One way we can do this is by using the occurrences code in odoc. The idea is that we examine module implementation files (ie, ml rather than mli files), and counts the number of times the code uses values, types and other identifiers from other libraries. We can then aggregate these counts over all packages in opam repository and use it as an effective marker of popularity, which allows us to rank the results by popularity and only return the top N results.
We're not currently using the occurrences for anything, so I wasn't especially surprised to find that it's not working as intended. There were a number of issues:
- The occurrences output file was being written at a path not within the package dir, so it wasn't being persisted.
- The CLI interface for generating occurrences works by providing a directory containing the odocl files, but we were only providing the top-level directory and it wasn't recursively searching.
- Once the occurrences were captured, the aggregation step used the full identifier of the value being aggregated, meaning that, for example,
List.lengthin OCaml 5.3 was counted separately fromList.lengthin OCaml 4.14.
All of these issues are with code in the odoc repository, which, as it happens, also needs a release soon to ensure that it works with the imminent launch of OCaml 5.4. During the week, before I discovered the problems above, I had attempted to make a release of Odoc 3.1, but there was a license kerfuffle that, when combined with the issues in the occurrences code, gave me enough cause to pull the release.
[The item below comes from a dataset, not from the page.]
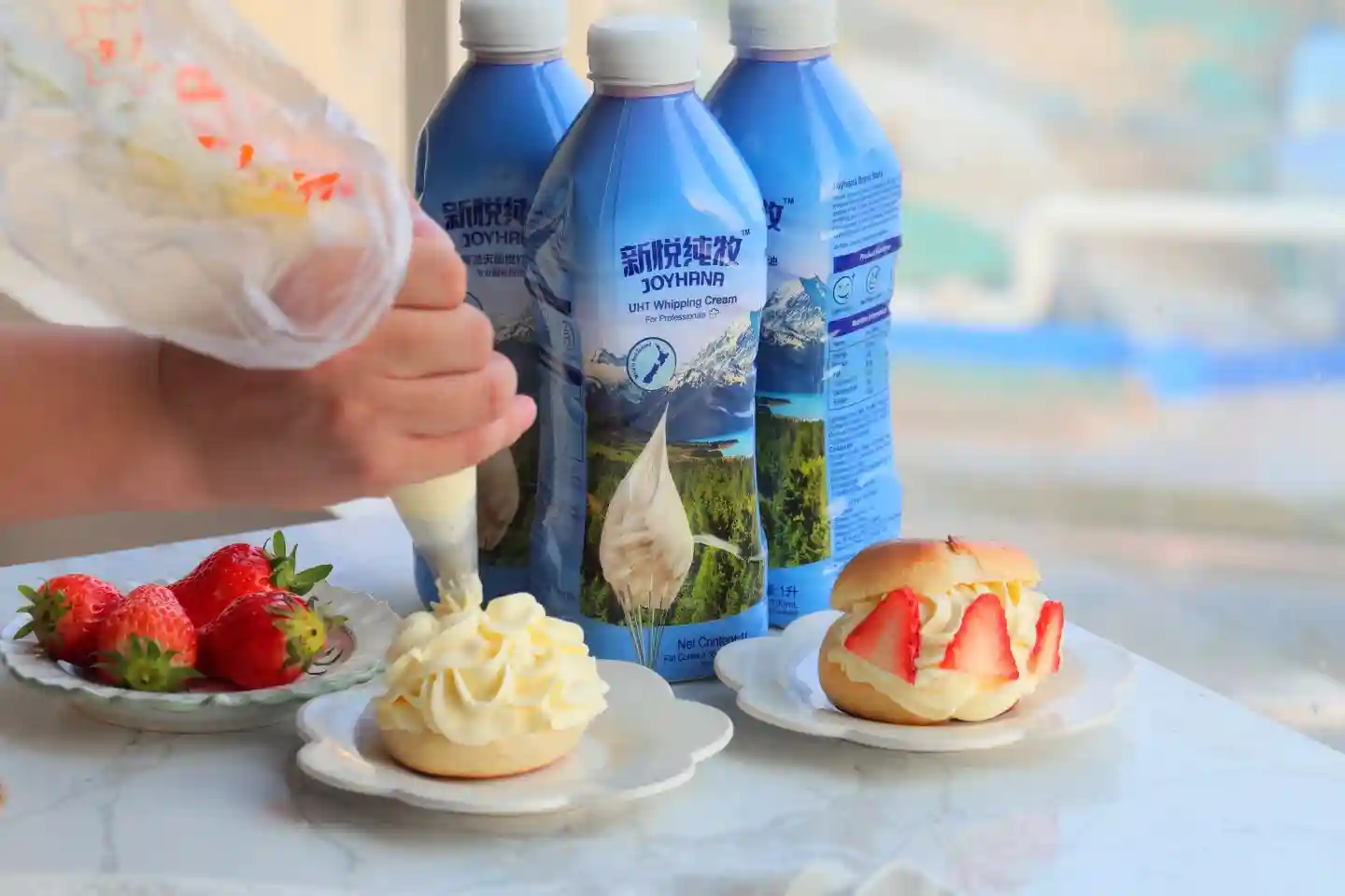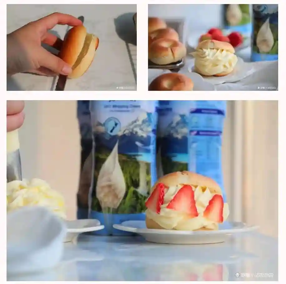 今天小法用到了新悦纯牧超高温灭菌搅打稀奶油,又香又醇,一点儿也不甜腻!加上红红的草莓锦上添花哦~

Before I try to make the release again, this time I'll be running the release candidate with docs-ci, and checking that the occurrences make sense. I set this running on Friday afternoon, and it had completed by Friday evening, so it's actually pretty quick to rerun odoc on the 15,000 or so packages required for ocaml.org.
Trouble with this blog
In other news, in trying to post my blog at the beginning of the week, I was stymied a little by the changes in oxcaml. I had been using a custom opam-repository forked from the official oxcaml one, because I needed a patched js_of_ocaml in order to fix the toplevel code. I had hoped this would mean that I could update it on my schedule, rather than being at the mercy of upstream changes. Unfortunately though, the download URL for ocaml-flambda wasn't pointing at an immutable commit, so when I tried it I got a checksum error. So I ended up trying to rebase the changes onto the latest oxcaml opam-repository, which didn't go well at all. The version numbers had all changed, which in opam means that files are in different directories, so git got thoroughly confused. On top of that, because the js_of_ocaml repository has multiple packages in it, whereas opam repository has a directory per-package, we end up having multiple copies of the patches. So in the end I've just committed all the patches to a git repo on github, and pinned it in the Dockerfile that builds this site.
What would be handy is a way to apply the patches in a package in opam repository to and from a git repository, similar to quilt/guilt. We don't quite have all of the pieces to do this, as although we have a download URL and often a dev-repo, I don't believe we currently have a way to get the base commit of that repository.
Oxcaml continues
We had a meeting on Thursday with Jane Street on the next steps for oxcaml. There are a number of areas in which JS are keen for us to help out with.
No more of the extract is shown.